The cyber insurance market is seeing one of its softest phases in years, with premiums dropping and policies becoming easier to get. But industry experts warn this doesn’t mean cyber risks are getting any safer. In fact, the opposite is true. While there’s plenty of capacity and competition among insurers, threats driven by artificial intelligence (AI) are increasing faster than cybersecurity defenses can keep up.
Maria Long, chief underwriting officer at Resilience, explains that although premiums are falling, it’s not because cyber incidents are less risky. The market has more players willing to write policies, which pushes prices down. However, AI-powered attacks are evolving quickly, making older security measures less effective. What was considered strong protection 18 months ago may no longer be enough.
Between 2020 and 2022, insurers tightened rules after a wave of ransomware and email fraud attacks. Businesses had to adopt stronger security like multi-factor authentication, encryption, and incident response plans. These steps helped improve cyber hygiene and reduced losses. But now, AI is being used to create sophisticated phishing scams and deepfake audio and video, making it harder to spot threats.
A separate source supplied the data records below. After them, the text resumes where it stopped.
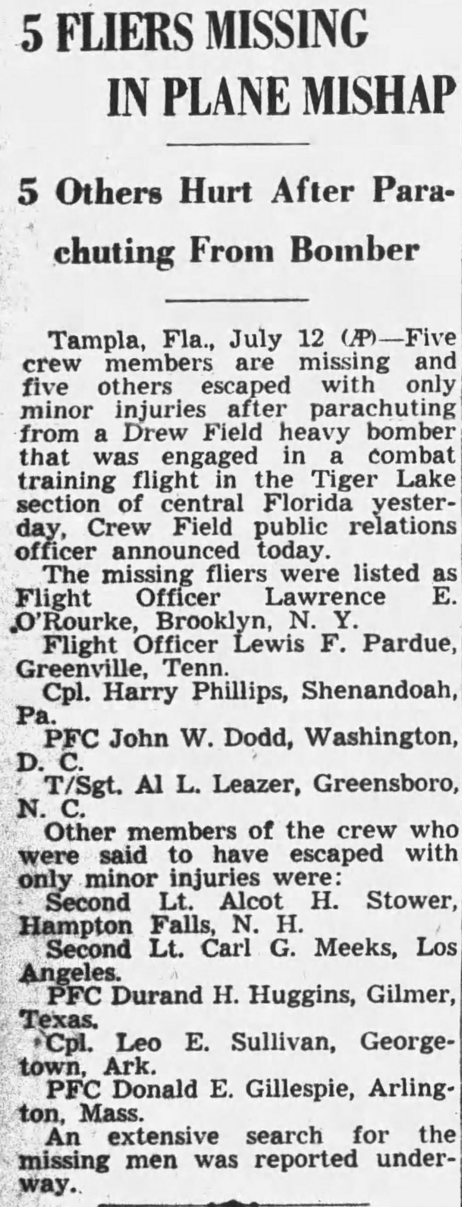Tampla, Fla., July 12 1944 – Five crew members are missing and five others escaped with only minor injuries after parachuting form a Drew Field heavy bomber that was engaged in a combat training flight in the Tiger Lake section of central Florida yesterday, Crew Field public relations offficer announced today.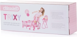 Fedezze fel a teljes babafelszerelést a finom UNICORN motívummal. A CHIPOLINO TRIXY UNICORN készlet babakocsit, kiságyat és etetőszéket tartalmaz, hogy a gyerekek teljes mértékben fejleszthessék a gondoskodást, empátiát és a fizikai koordinációt. Könnyű felépítésének köszönhetően a játékokkal otthon és útközben is könnyű a kezelés.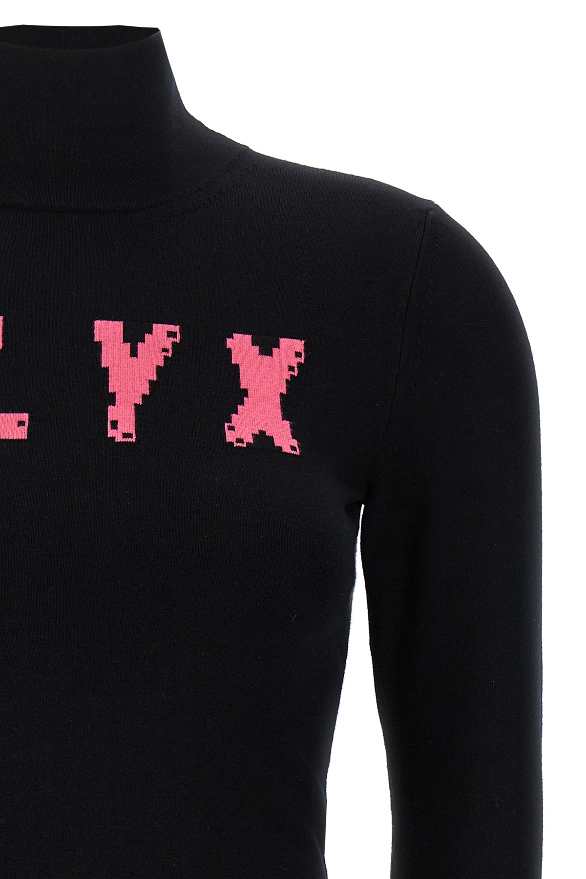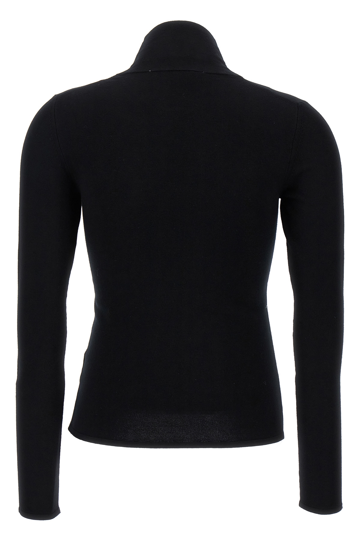 Viscose blend sweater with front inlaid logo, high neck, long sleeves.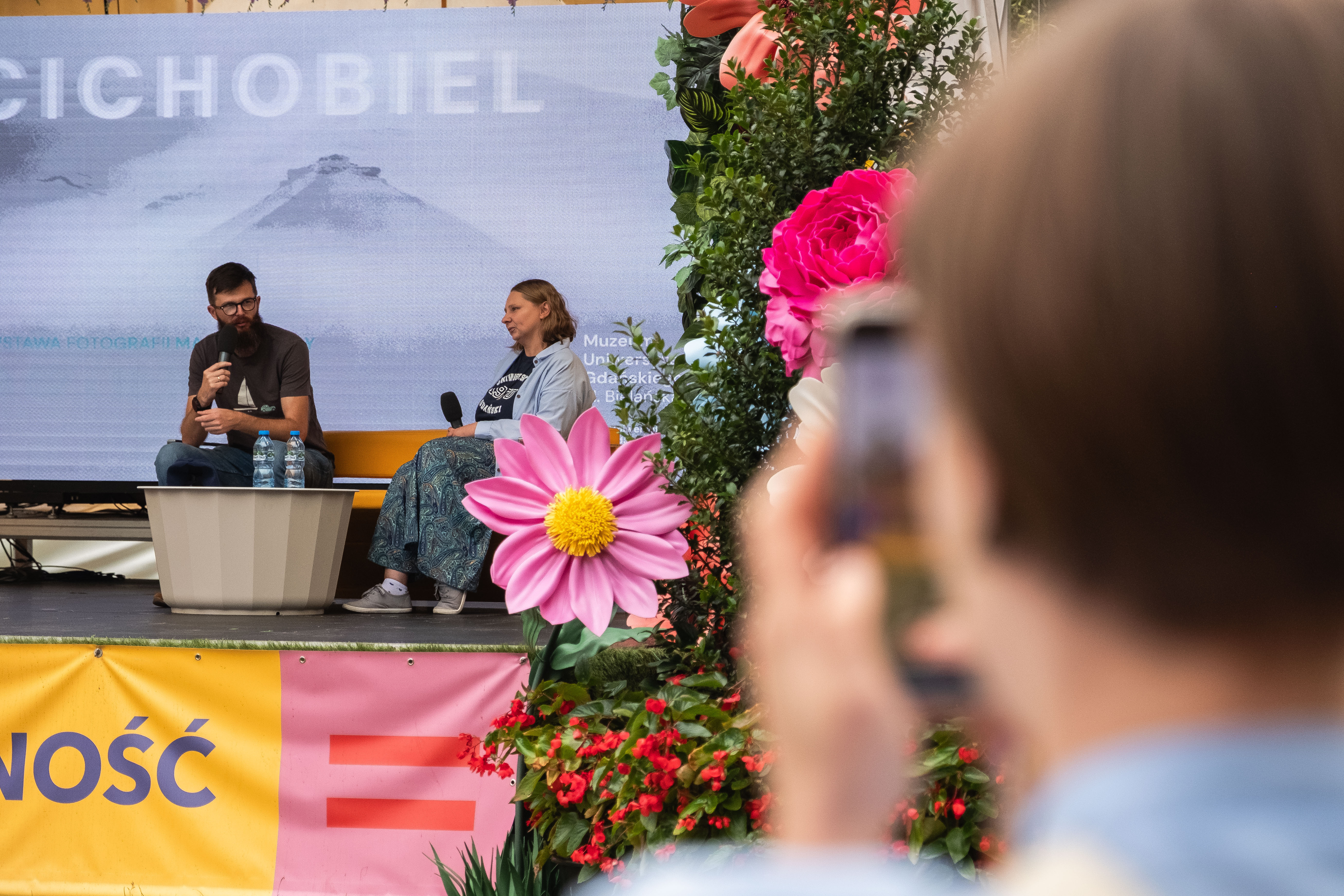 Marta Szaszkiewicz-Sawa przybliżyła gościom ideę muzeów akademickich, a także opowiedziała o wystawie stałej Muzeum UG, zachęcając do jej odwiedzenia. Następnie oddała scenę Maciejowi Żyndzie, absolwentowi Uniwersytetu Gdańskiego, którego wystawę CICHOBIEL, będącą zapisem fotograficznej wyprawy na Spitsbergen, można obecnie podziwiać w Muzeum. W rozmowie z Dorotą Rybak artysta opowiedział o doświadczeniu arktycznej ciszy i bieli, przygotowaniach do ekspedycji, wsparciu rodziny, spojrzeniu na własną twórczość oraz o tym, jak istotny jest dla niego dialog i bezpośrednie spotkanie z odbiorcą.

Employee training and email filters alone aren’t cutting it.
Resilience’s recent data shows that social engineering—tricking people rather than hacking tech—made up 57% of cyber claims and 60% of losses in the first half of 2025. Attackers often impersonate executives using AI-generated voices or videos, bypassing technical defenses completely.
Manufacturers are especially vulnerable. Many rely on outdated systems they can’t easily replace without stopping operations. These legacy setups weren’t built with cybersecurity in mind, making them prime targets for AI-driven attacks. As IT and operational technology connect more, cyber incidents now risk causing physical damage, not just data theft or downtime.
Long cautions that with the market soft, some insurers might lower standards to attract more clients. She stresses that this must be avoided. Underwriters need firm guidelines to refuse risky business and focus on quality over quantity. It’s about steady profit, not just chasing bigger premiums.
Brokers also have a role to play. Long says it’s not just about finding the cheapest coverage but the right coverage. Brokers should help clients understand how much risk to keep, how much to reduce, and how much to pass on through insurance. Resilience offers not just policies but also security services to help businesses improve their cyber defenses. Encouraging clients to use these tools can lower risks, not just insure against losses.
Long concludes by saying the industry has to look beyond today’s ample capacity. Without strict underwriting and better protections against AI threats, losses will rise and the market will harden again. For now, the soft market may feel good on the surface, but it hides growing dangers beneath.